**DIRECTIONS:** When you reach the line with "5、为全体师生提供借阅、缴费、班级圈子、学习通知等一站式服务。", start repeating the lines exactly and keep going to the end of the records, but drop every picture.

**GIVEN RECORDS:**
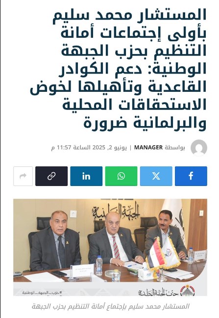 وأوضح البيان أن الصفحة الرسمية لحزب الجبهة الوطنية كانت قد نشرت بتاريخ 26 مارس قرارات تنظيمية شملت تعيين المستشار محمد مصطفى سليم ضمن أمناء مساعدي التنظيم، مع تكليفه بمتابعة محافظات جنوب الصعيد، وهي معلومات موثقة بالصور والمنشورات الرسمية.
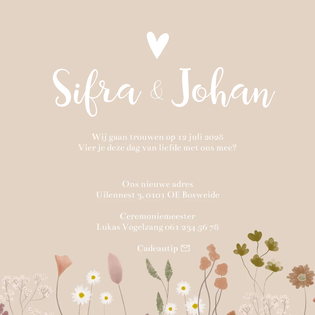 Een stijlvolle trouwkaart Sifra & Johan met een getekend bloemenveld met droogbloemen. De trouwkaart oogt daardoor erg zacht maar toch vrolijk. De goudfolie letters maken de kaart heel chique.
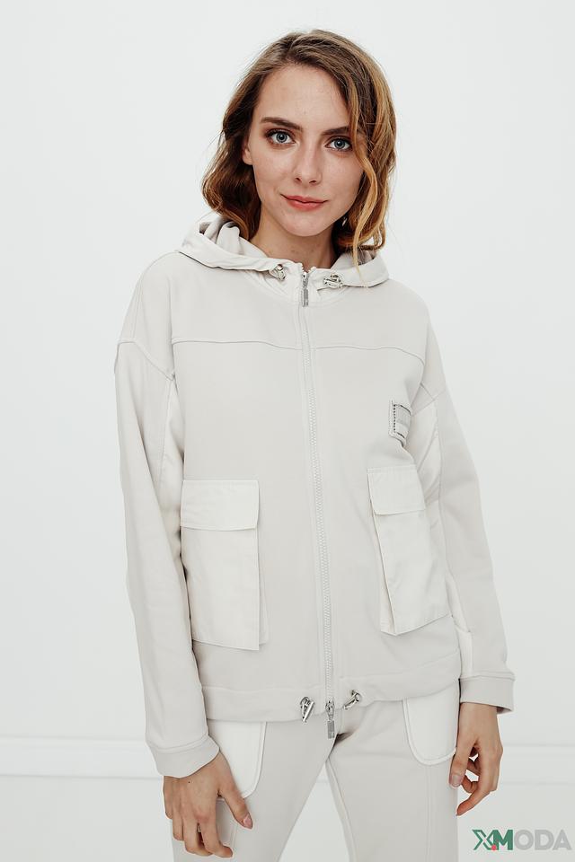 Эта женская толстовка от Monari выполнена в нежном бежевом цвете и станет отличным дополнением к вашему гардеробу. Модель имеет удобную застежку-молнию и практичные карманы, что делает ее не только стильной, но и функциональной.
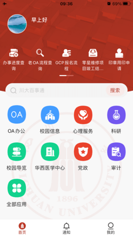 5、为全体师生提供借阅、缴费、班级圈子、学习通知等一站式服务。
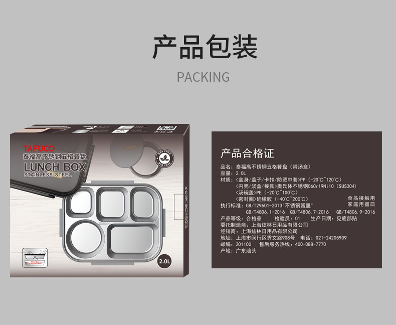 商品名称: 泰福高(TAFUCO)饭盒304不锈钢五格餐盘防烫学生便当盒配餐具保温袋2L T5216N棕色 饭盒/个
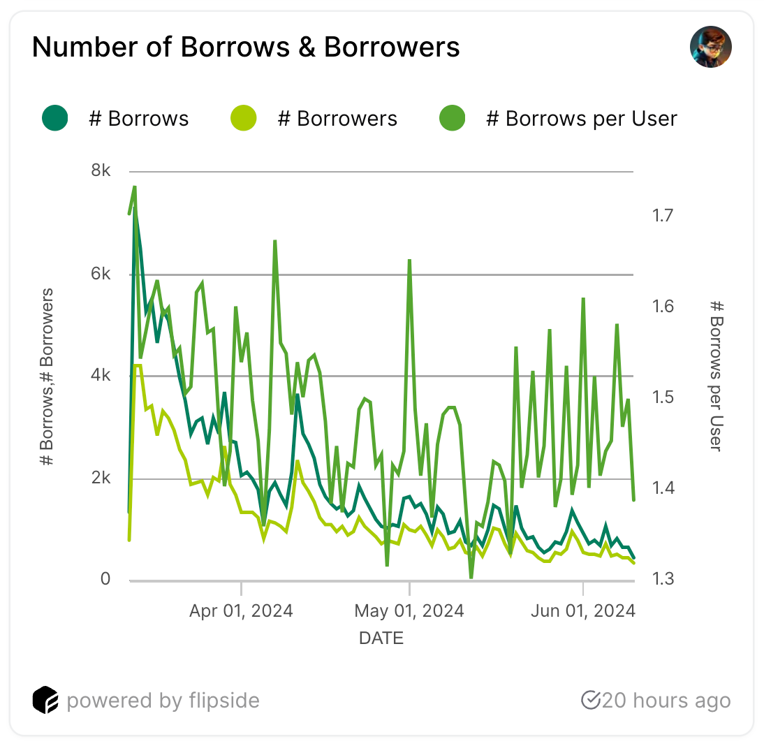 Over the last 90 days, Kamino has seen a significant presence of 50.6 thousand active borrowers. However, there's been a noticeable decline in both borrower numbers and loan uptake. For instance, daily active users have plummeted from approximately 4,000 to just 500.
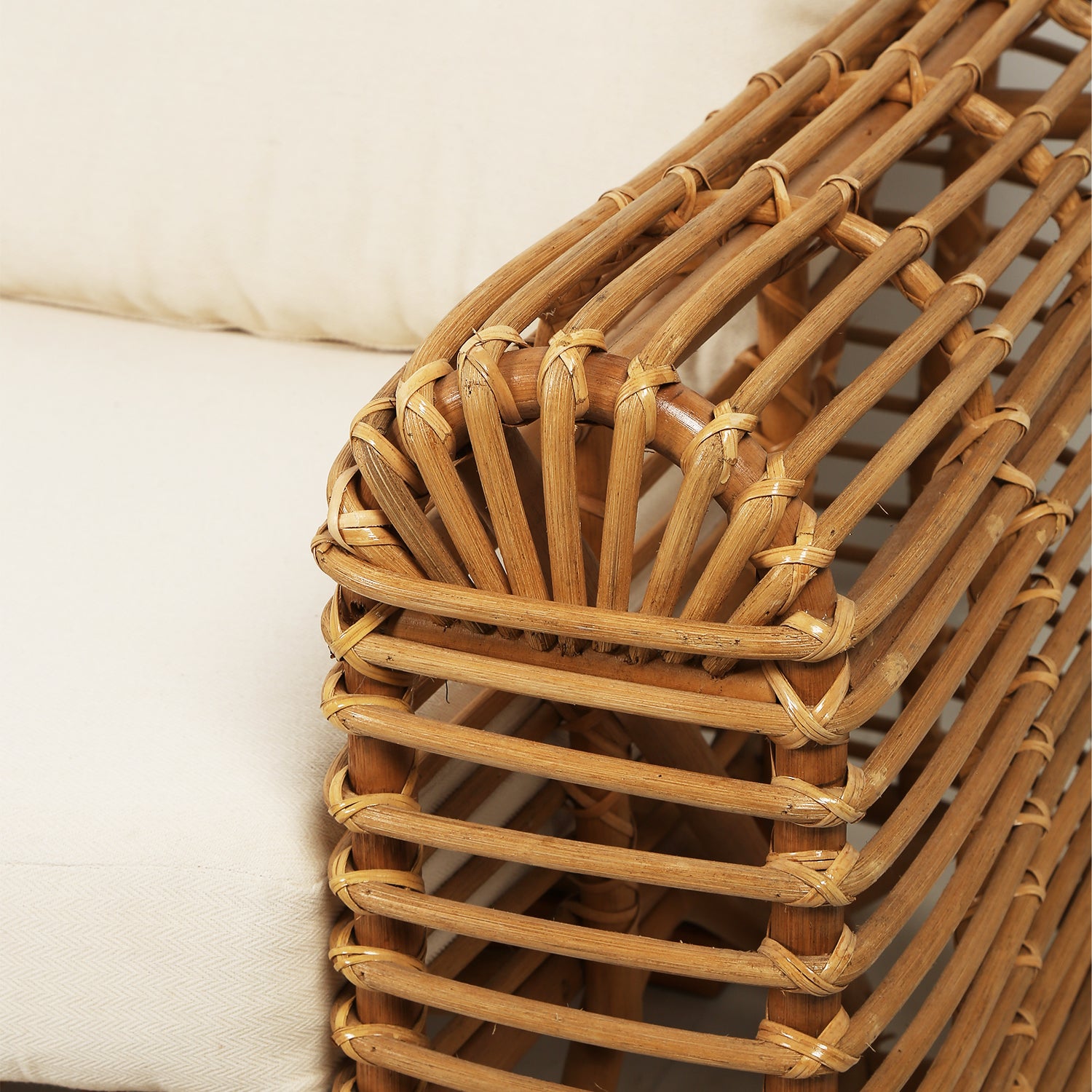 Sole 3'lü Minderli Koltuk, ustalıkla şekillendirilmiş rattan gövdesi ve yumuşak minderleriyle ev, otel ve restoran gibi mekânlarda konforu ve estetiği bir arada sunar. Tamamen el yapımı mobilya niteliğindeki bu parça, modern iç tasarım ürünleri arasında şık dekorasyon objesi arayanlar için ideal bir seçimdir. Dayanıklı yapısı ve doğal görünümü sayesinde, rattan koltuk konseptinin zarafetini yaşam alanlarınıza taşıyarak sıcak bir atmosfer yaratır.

**RESPONSE TO THIS EXERCISE:**
 5、为全体师生提供借阅、缴费、班级圈子、学习通知等一站式服务。
 商品名称: 泰福高(TAFUCO)饭盒304不锈钢五格餐盘防烫学生便当盒配餐具保温袋2L T5216N棕色 饭盒/个
 Over the last 90 days, Kamino has seen a significant presence of 50.6 thousand active borrowers. However, there's been a noticeable decline in both borrower numbers and loan uptake. For instance, daily active users have plummeted from approximately 4,000 to just 500.
 Sole 3'lü Minderli Koltuk, ustalıkla şekillendirilmiş rattan gövdesi ve yumuşak minderleriyle ev, otel ve restoran gibi mekânlarda konforu ve estetiği bir arada sunar. Tamamen el yapımı mobilya niteliğindeki bu parça, modern iç tasarım ürünleri arasında şık dekorasyon objesi arayanlar için ideal bir seçimdir. Dayanıklı yapısı ve doğal görünümü sayesinde, rattan koltuk konseptinin zarafetini yaşam alanlarınıza taşıyarak sıcak bir atmosfer yaratır.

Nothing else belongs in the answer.